The challenge. Many promising drugs (e.g., curcumin) are oily and water-shy, so they don’t travel well in the body. Our solution. A dual-encapsulation design: first tuck the drug into poloxamer micelles (nano-carriers), then lock those micelles inside a chitosan hydrogel cross-linked with citric acid. How it behaves. The gel is pH-responsive—it releases faster at mildly acidic pH (like inflamed or tumor tissue) and more slowly at normal pH. What we measured: Controlled release: ~75% at pH 7.4 over 7 days; ~84% at pH 5.5. Microstructure: micelles make the network denser, slowing diffusion. Cell compatibility: >80% viability in VERO cells across tested doses.

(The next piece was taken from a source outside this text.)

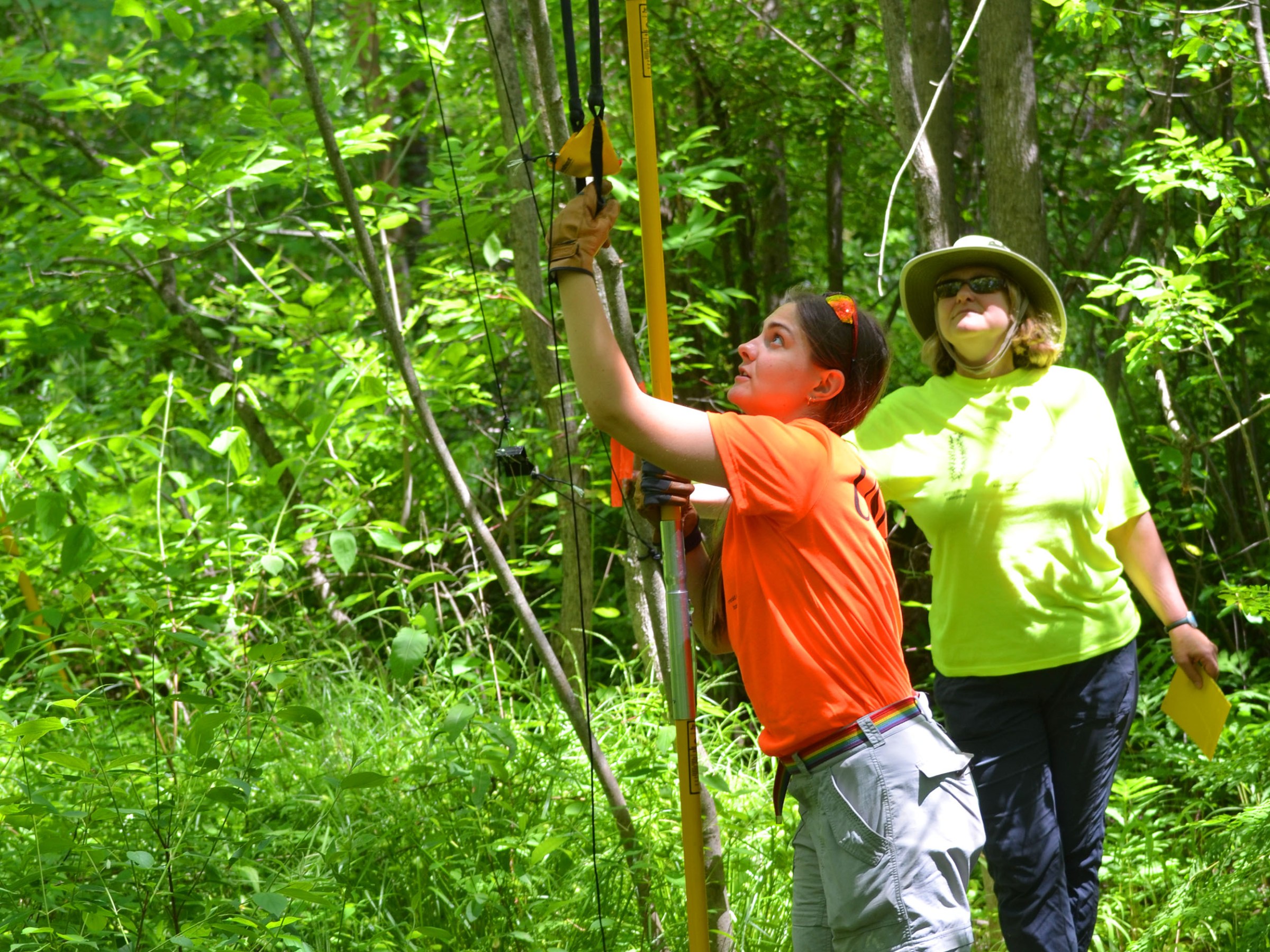 Today, they were shooting lines into the trees with a big sling shot to which they will rig the cards. Technicians from the University of New Hampshire will come weekly during the summer to set out clean sticky cards and take the old ones back to their lab for inspection. The New Hampshire Technical Institute (NHTI) will host a similar experiment. Theresa said Riverland and NHTI were chosen because they each had a moderate EAB infection, small, middle and large ash trees in close proximity to each other, and a landowner willing to give permission.

So what? A straightforward platform to load and deliver lipophilic drugs in wound care, anti-inflammatory, and oncology settings, where acidity cues smarter release. Where could this be applied next? Wound dressings / topical gels with antioxidants or antimicrobials (curcumin is a model drug). Mucosal delivery (oral, nasal, vaginal) where pH varies and chitosan’s mucoadhesion helps. Tumor-adjacent applications, leveraging mildly acidic microenvironments. What’s still needed? In vivo performance (pharmacokinetics, local retention, efficacy). Stability and scaling (micelle loading, batch-to-batch reproducibility). Switching the payload to clinically relevant lipophilic drugs (beyond curcumin). “How to use” (for translational readers) Choose the lipophilic payload (curcumin here is a stand-in). Form micelles (poloxamer 407) to solubilize the payload. Embed micelles in chitosan hydrogel cross-linked with citric acid (biocompatible). Tune release by adjusting micelle content, cross-linking, and pH conditions.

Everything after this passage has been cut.